In the event the Company seeks to terminate you for Cause, you shall be provided with a written notice setting forth the conduct or events believed to constitute Cause for termination and you shall have a period of 30 days to cure any deficiency except where the grounds for Cause are such that would not be curable within such 30-day period. The final determination to terminate you for Cause shall require the affirmative vote of at least ¾ of the Company’s Board of Directors. You shall have the right to address a meeting of the Board (which meeting may be telephonic) to defend your actions and advocate against your termination for Cause. You may have counsel available at such meeting.
In this position, you will be eligible to participate in the Company’s employee benefits programs.  These programs include medical, dental, vision, and other benefits; a Summary of Benefits is attached for your reference.  You shall also be eligible for reimbursement of expenses and travel costs incurred in connection with your duties to the Company. You will also be entitled to accrue Paid Time Off (PTO) at a rate of 8.34 hours per pay period, which equals 200 hours per 12-month period.  Each of these benefits will be governed in accordance with Intrexon policies and/or the applicable Plan documents.
It should be noted that Intrexon retains and reserves the right to alter, amend, and/or discontinue any of its benefit plans; to modify any of its policies, practices, or programs at its sole discretion and with or without advance notice.
By signing this letter below, you acknowledge and agree that your employment with Intrexon is considered “at will”, meaning it is for an unspecified period of time and that the employment relationship may be ended by you or by the Company at any time, with or without cause.
This offer and your continued employment with Intrexon are contingent, among other things, upon the completion of a background screening being completed to the reasonable satisfaction of Intrexon, as determined at the Company’s sole discretion. This offer of employment and your hiring are also contingent upon your submitting original and appropriate documents to verify your identity and your employment eligibility as required by Federal law. Further, this offer and your continued employment are contingent upon the execution by you and Intrexon of the enclosed Confidentiality and Proprietary Rights Agreement.
During your employment with Intrexon and thereafter, you shall be indemnified by Intrexon to the fullest extent permitted by applicable law and by Intrexon’s by-laws and you shall be covered by any applicable directors’ and officers’ liability insurance policies covering Intrexon’s directors and officers, including any “tail” coverage provided thereunder.

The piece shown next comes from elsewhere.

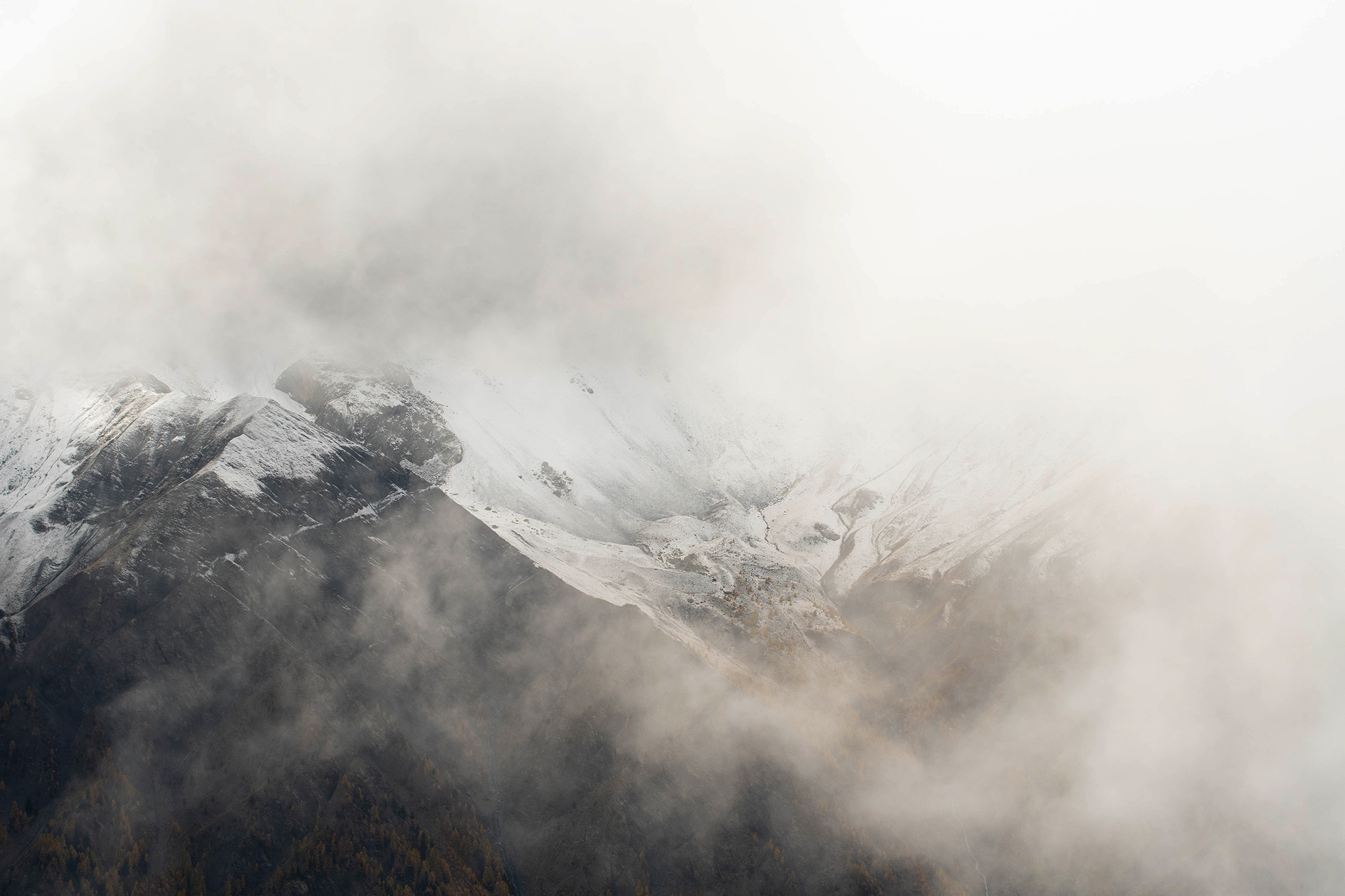 Au sommet, un vent violent soulève la neige saupoudrée et me claque au visage. Le ballet de nuages offre un spectacle magnifique que doivent connaître les alpinistes, moi qui ne suis qu’un simple cycliste venu côtoyer ce monde minéral et austère.

You and the Company intend that any amounts or benefits payable or provided under this letter agreement comply with the provisions of Section 409A of the Internal Revenue Code and the treasury regulations relating thereto so as not to subject you to the payment of the tax, interest and any tax penalty which may be imposed under Code Section 409A. The provisions of this letter shall be interpreted in a manner consistent with such intent. In furtherance thereof, to the extent that any provision hereof would otherwise result in you being subject to payment of tax, interest and tax penalty under Code Section 409A, the you and the Company agree to amend this letter in a manner that brings this agreement into compliance with Code Section 409A and preserves to the maximum extent possible the economic value of the relevant payment or benefit under this letter to you.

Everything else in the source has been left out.